In today’s e-Mobility manufacturing landscape, hairpin stator production has reached a level of maturity that only a decade ago seemed ambitious. ATOP’s fourth-generation machines, now part of the IMA EV-TECH technological portfolio, represent the consolidation of more than 15 years of continuous development in copper bar stator processing. Higher productivity, improved process stability and optimized footprint are no longer differentiating elements, they are expected standards.
Behind these results lies a precise engineering philosophy built on three pillars: innovation, flexibility and compactness. These principles didn’t emerge gradually; they were embedded in the project from its earliest stage. When ATOP began developing its first fully automatic hairpin stator line in 2009, the market was still largely oriented toward conventional coil insertion technology. Choosing to invest in copper bar technology meant stepping into largely uncharted territory, anticipating its potential for the future of electric motor manufacturing.

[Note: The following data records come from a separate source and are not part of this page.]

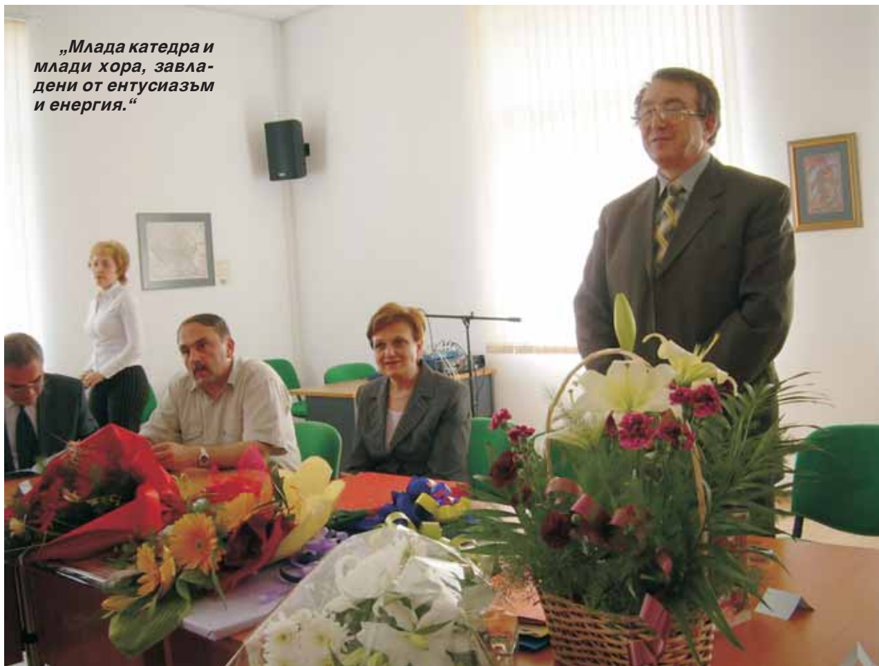
„Млада катедра и млади хора, завладени от ентузиазъм и енергия.“

С „Добре дошли“, поздрави присъстващият доц. Тошко Ненов, ръ-
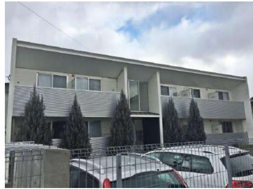
デザイナーズ・アパート！
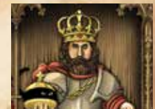
F) Titre de noblesse
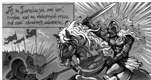
Slika 2: MATĚJÍČEK 2007: 3. Prevod besedila v oblačkih: Ah, tu Jaroslav leti kot orel, s trdim jeklom na mogočnih prsih, pod jeklom hrabrost, odločenost.

Šifra mistra Hanky se začneja z enostranskim prikazom nedoločene pustolovske zgodbe. Slog risb na prvi pogled spominja na stripe junaškega tipa; na risbah prevladuje prikazovanje bojev. S tem pustolovskim uvodom je prikazano spoštovanje osnovnega pravila stripovskega žanra – prevlada akcijskih in interakcijskih motivov. 9 Bralec je takoj vržen v dogajanje, ne da bi vedel, za kakšno zgodbo gre.
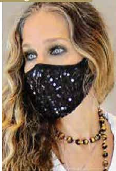
WOW Sarah Jessica Parkers (56) Augen funkeln mit der Maske des US-Stars um die Wette

Augenschatten mit einem leichten, nicht-fettenden Concealer abdecken. Mit dem Eyeliner-Stift einen Lidstrich entlang des Wimpernkranzes ziehen. Den Lidschatten passend zum Outfit wählen und mit einem Pinselchen verblenden. Wimpern tuschen.
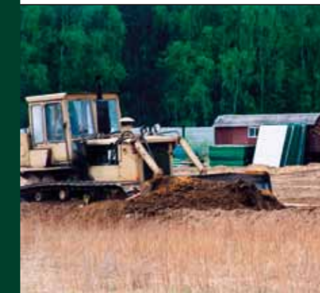
Budowa międzygminnego wysypiska odpadów komunalnych w Jaskółowie
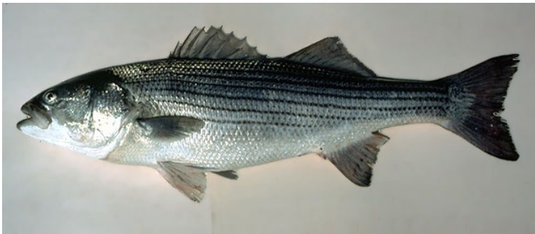
ストライプトバス M. saxatilis
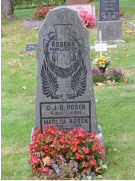
Gravvård kvarter IV (KI Pelarne kyrkog 043)
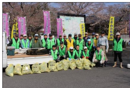
上野池クリーン作戦
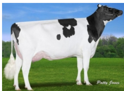
CLAYNOOK FABBY SILVER ET
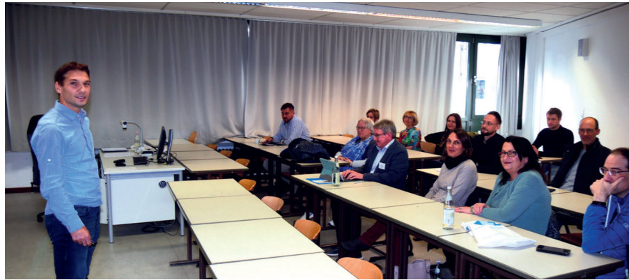
Mehrere Workshops widmeten sich unterschiedlichen Themenfeldern rund um FOSBOS. Exemplarisch im Bild: Workshop Seminarfach + Fachreferat.

Referenten im jeweiligen Thema auskennen. Ebenso können Literaturvorgaben gemacht werden, die von den SuS verarbeitet werden müssen. Darüber hinaus ist es wichtig, durch geeignete Maßnahmen einen Einblick in den Arbeitsprozess der Lernenden zu erlangen.
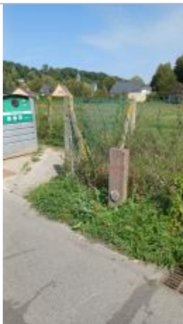
Laisse de crue à 36 cm/sol.

Altitude calculée de l'eau (en m) : 7.78
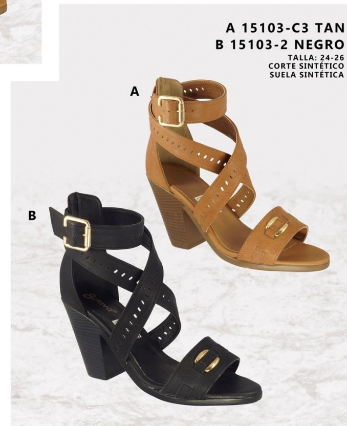
A 15103-C3 TAN B 15103-2 NEGRO TALLA: 24-26 CORTE SINTÉTICO SUELA SINTÉTICA
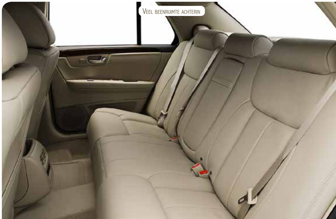
VEEL BEENRUIMTE ACHTERIN
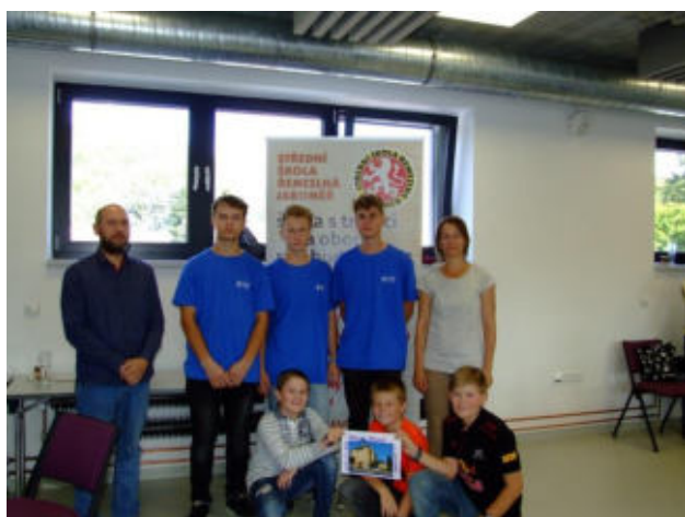
Tým č. 1 – Farnet a.s, ZŠ Boženy Němcové Jaroměř SŠ řemeslná Jaroměř

Obr. 5-6 - Starší členové týmu učí děti jak utáhnout matici, nastavit a změřit předepsanou vůli. Odborná porota hodnotí mnoho technických parametrů.
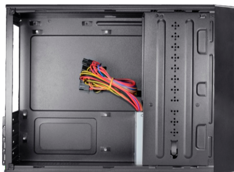
Vista interna do gabinete, com o suporte.
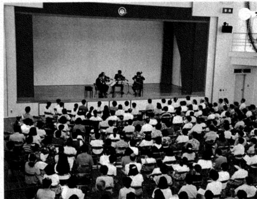
▲広域的な学習機会の提供として開かれた信濃川文化推進事業「サマーコンサート」(昨年7月)

町では、より充実した生涯学習を進めるために、長岡広域圏内の関係機関、団体と連携した信濃川文化推進事業をはじめ、小千谷市、津南町と連携したモデル広域学習圏事業や新たに生涯学習ボランティア養成講座の開設などの計画を進めています。
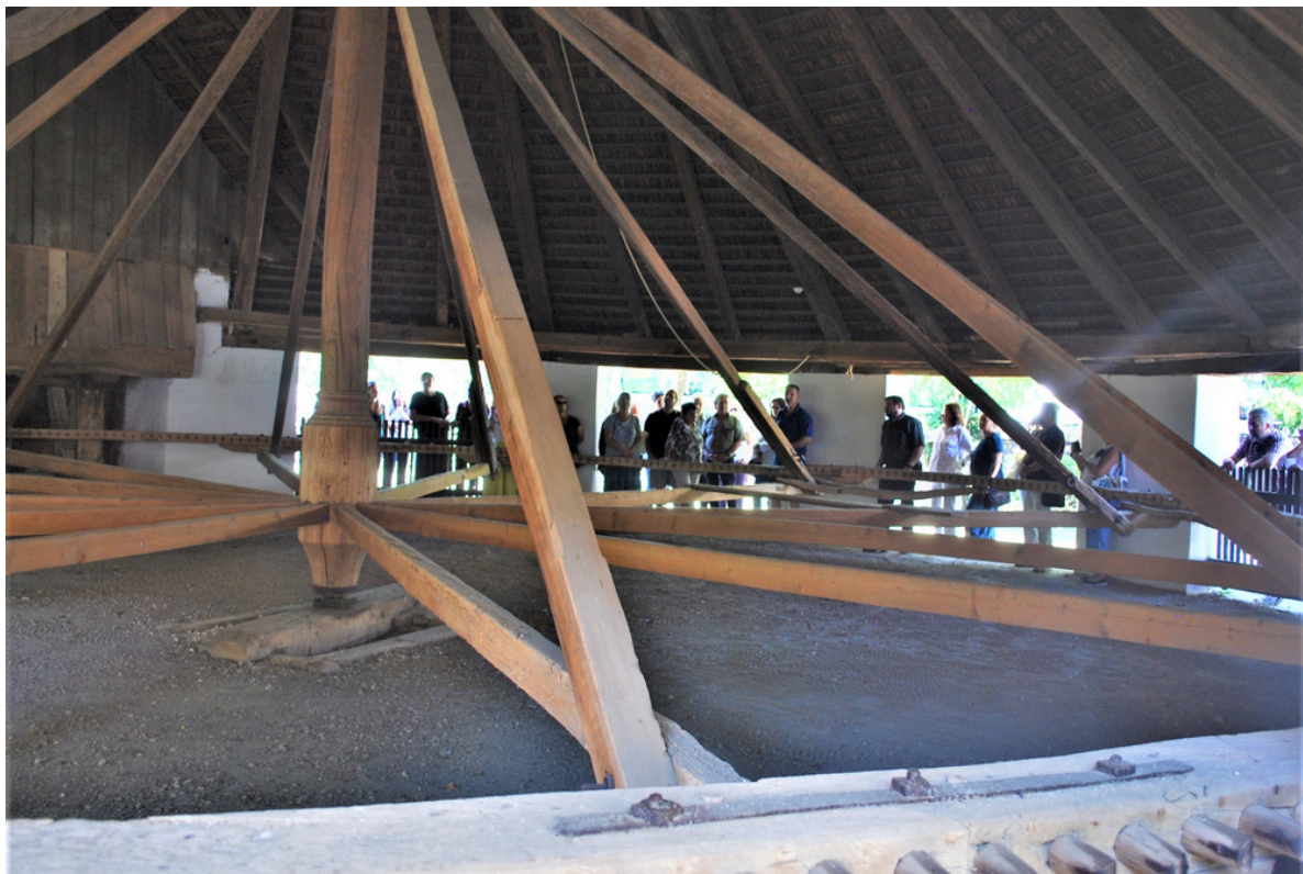
Látogatás a szarvasi szárazmalomban
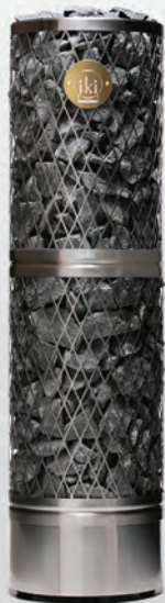
Pillar IKI 9 кВт
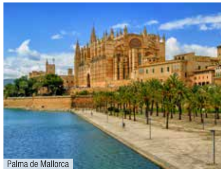
Palma de Mallorca
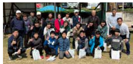
地域の皆さんに囲まれて
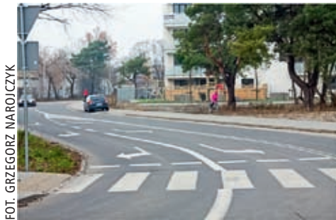
Zaprojektowano w ciągu dwóch lat ponad 40 organizacji ruchu drogowego, jak to na ul. Mozaikowej przy Bysławskiej

W latach 2011–2012 dzielnica opracowała ponad 40 projektów organizacji ruchu na własnych ulicach (większe arterie, jak ul. Patriotów, ul. Trakt Lubelski, ul. Bronisława Czecha, Wał Miedzeszyński podlegają Zarządowi Dróg Miejskich). Dotyczyły one podporządkowania, wprowadzenia znaków zakazu zatrzymywania i postoju w miejscach niebezpiecznych, lokalizacji przejść dla pieszych. Objęto nimi ulice: Cylichowską, Czeladniczą, Potockich, Petunii, Świebodzińską, Zorzy, Mydlarską, Podmokłą, Cedrową, Strusia, Dworcową, Oliwkową, Petunii, Podkowy, Poezji, Przewodową, Ślimaka, Trakt Lubelski, Tytoniową, V Poprzeczną, Wilgi, Zagajnikową, Alpejską, Borków, Bysławską, Czolgistów, Walcowniczą, Dzielnicową, Glicynii, Harmonistów, Kwitnącej Akacji, Lucerny, Masłowiecką, Niemodlińską, skrzyżowania Izbickiej z Koszęcińską, Kocką, Żwanowiecką, Rozszerzoną, skrzyżowania Patriotów z Owocową, Śpiewną, Brodniczą, Wspomnień, Zagajnikową, Jeżynową, skrzyżowania Oleckiej z Brzostowską i Początkową. Wydano na ten cel 220 tys. zł. Wykonane zostały odpowiednie, asfaltowe, nawierzchnie na ul. Derkaczy, Radłowej, Oliwkowej, Margerytki, dokończono ul. Mozaikową do Bysławskiej. Na te inwestycje poszło prawie 4,7 mln zł. Wykonano kosztem 700 tys. zł ścieżkę
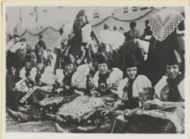
115. Büdeburgerinnen in ihrer malerischen Tracht
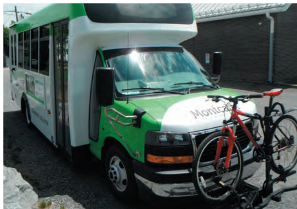
1 Transport collectif Supports à vélo
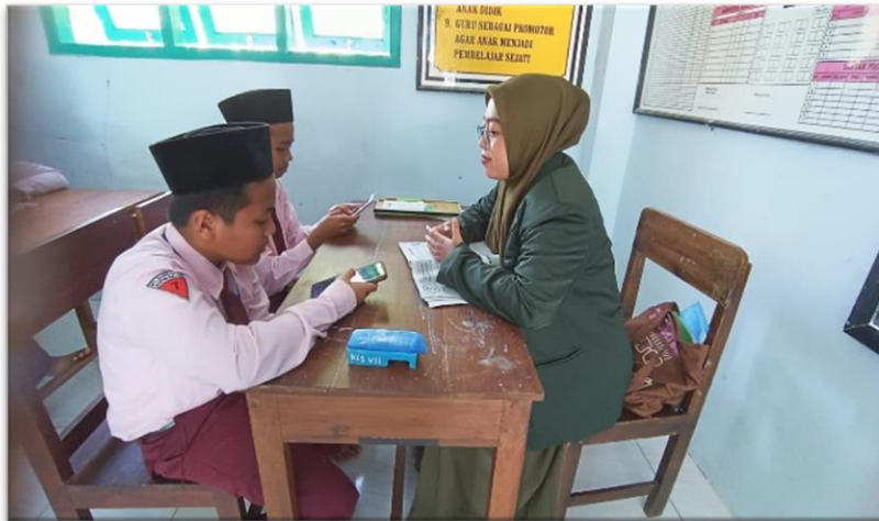
Gambar 4.4 Aktivitas Siswa Melakukan Tes Kecepatan Membaca

Data ini berisikan penilaian siswa mengenai penilaian kecepatan membaca.
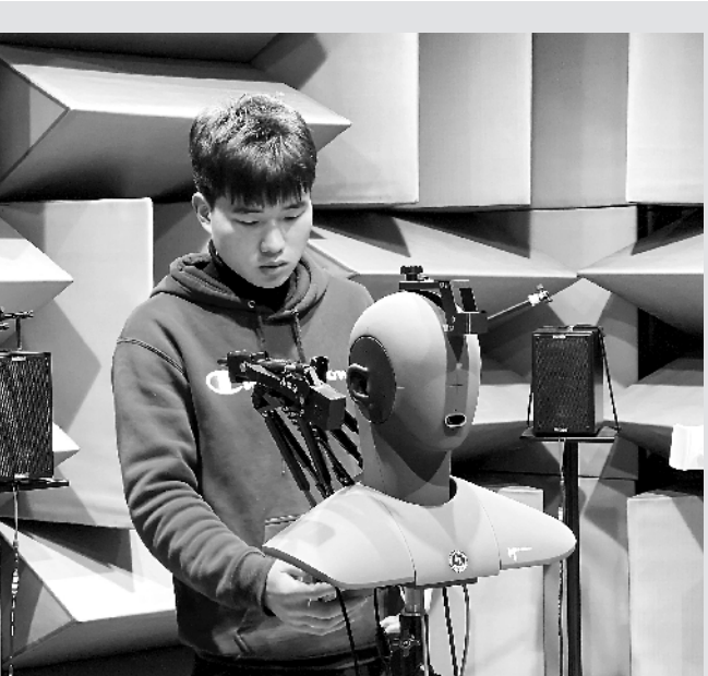
▲ 在宿州市高新区华瑞赛维(宿州)科技有限公司实验室内,工作人员对国内一线品牌的手机5G信号强弱做检测。

为积极开拓“一带一路”沿线国际市场,帮助企业用好用足优惠政策,安庆海关加强与地方商务部门联合宣传,形成合力,提高覆盖面;大力推行“无纸化”申报、网上免费申报平台、智能审核、自助打印原产地证书,对符合条件的企业实行“信用签证”,做到“足不出户”即可申请原产地证书;建立和完善国外退税查询机制,强化人员业务培训,支持企业扩大出口,提高企业对优惠原产地证书的利用率。
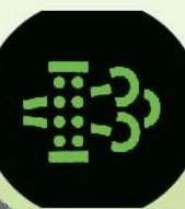
DPD柴油微粒過濾器 ( Diesel Particulate Defuser)
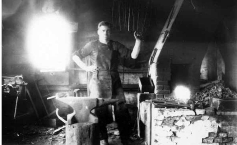
Smeden – manden der kan forme det hårde jern – har altid været lidt af en trolldmand i den folkelige forestilling.

Midt i al den nye dynamik var der penge at tjene for dem, der forstod at gribe chancen. I årene omkring 1900 gjorde en ny
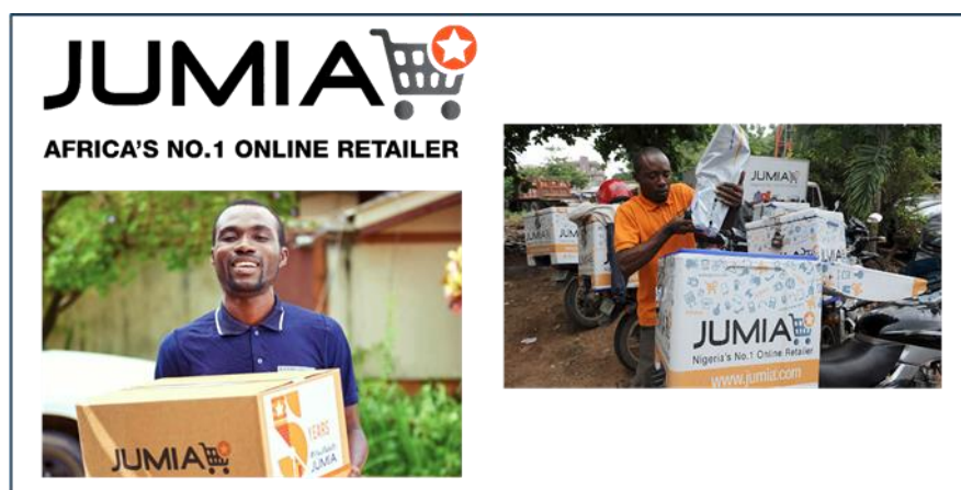
Gráfico 3. Amazon Africano: Jumia

Pero, estas empresas no deberían ser el centro de atención, el verdadero ejemplo de emprendimiento que se enfocó en cubrir las necesidades de la sociedad de un país a través de la innovación y la tecnología es el Amazon Africano.
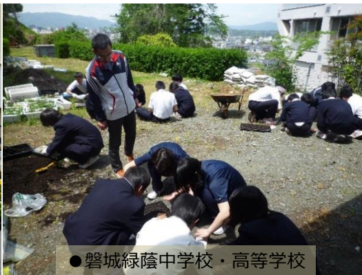
●磐城緑蔭中学校・高等学校
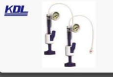
按压式球囊扩张 压力泵 Inflation Device
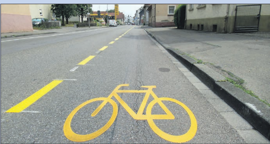
Piktogramm-kette oder ein Schutzstreifen – was ist sicherer für Radler? Das will die Stadt Singen in einer Testphase herausfinden. Wer mag, kann sich daran beteiligen!
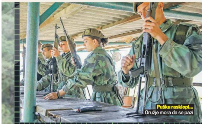
Pušku rasklopi... Oružje mora da se pazi

Jutarnja gimnastika nije za šalu. Pre nego što se vojnici pripreme za vežbanje moraju da izglancaju obuču tako da se mogu ogledati u njoj, a gornji deo uniforme mora biti do perfektnosti sklopljen i složen na predviđeno mesto
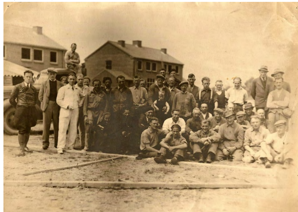
Werknemers bezig met de bouw in de Prinsessenbuurt Gennep (1949-1950)

Refrein: Mchtig moj, mchtig moj Ootersóm, lèève lang
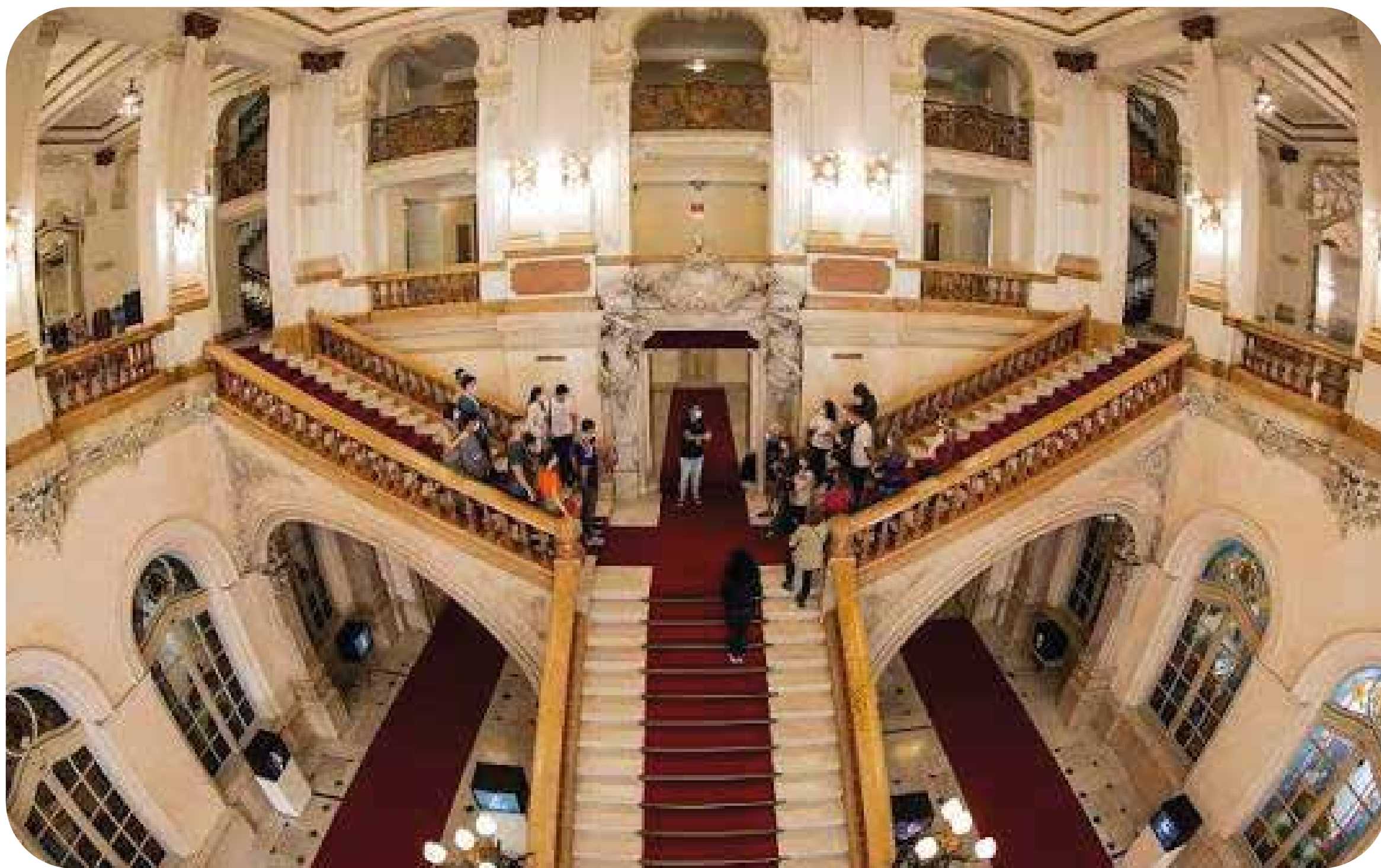
Theatro Municipal de São Paulo

A nova organização social contratada pela prefeitura de São Paulo, do bolsonarista Ricardo Nunes (MDB-SP), para assumir a gestão do Theatro Municipal iniciou suas atividades com um compromisso: tirar negros, indígenas e LGBTIs do palco e colocá-los na plateia.

Hairpin technology, the core of electric motor manufacturing
Hairpin forming quickly proved to be the technological core of the process. The introduction of CO₂ laser technology for enamel removal, combined with fully programmable 3D robotic forming, established a controlled and repeatable approach to copper shaping. Yet precision alone was not sufficient. Production lines had to accommodate multiple stator variants, different slot geometries and varying conductor configurations. Flexibility became a structural requirement rather than an optional feature.
To address this, QCO (Quick Change Over) concepts were integrated from the outset. Tooling systems were designed with fixed references, eliminating the need for fine tuning at start-up. In the EV sector, where each component carries significant value, the objective was clear: after changeover and quality verification, the first produced part must already meet specifications. The extensive use of electric axes across process functions provided the control accuracy necessary to reach this goal.
Compactness was another distinctive feature. Electrical and pneumatic cabinets were initially integrated into the machine structure, reducing footprint and improving layout efficiency. While Tier 1 and Tier 2 customers readily adopted this configuration, OEMs often required more conventional external cabinets. Today, IMA EV-TECH offers both solutions, responding to different production philosophies.
Over the years, the company’s expertise has grown through a rigorous engineering approach and continuous collaboration between R&D teams and universities. Copper, however, has repeatedly demonstrated behaviours that aren’t always predictable. Its reaction to forming and welding processes led engineers to define it as “a living material”, capable of changing characteristics depending on variables that aren’t always immediately evident.
Welding has remained a critical phase in hairpin technology. Early alignment systems based on masks evolved significantly over time. In high slot-count and small-diameter applications, gripping systems replaced masking solutions. More recently, a three-effect mask has been introduced to ensure tangential and radial alignment while guaranteeing axial containment. Its reduced thickness makes it particularly suitable for very short wire leads, including so-called “minipins,” with serial production already achieving straight terminal lengths below 6 mm.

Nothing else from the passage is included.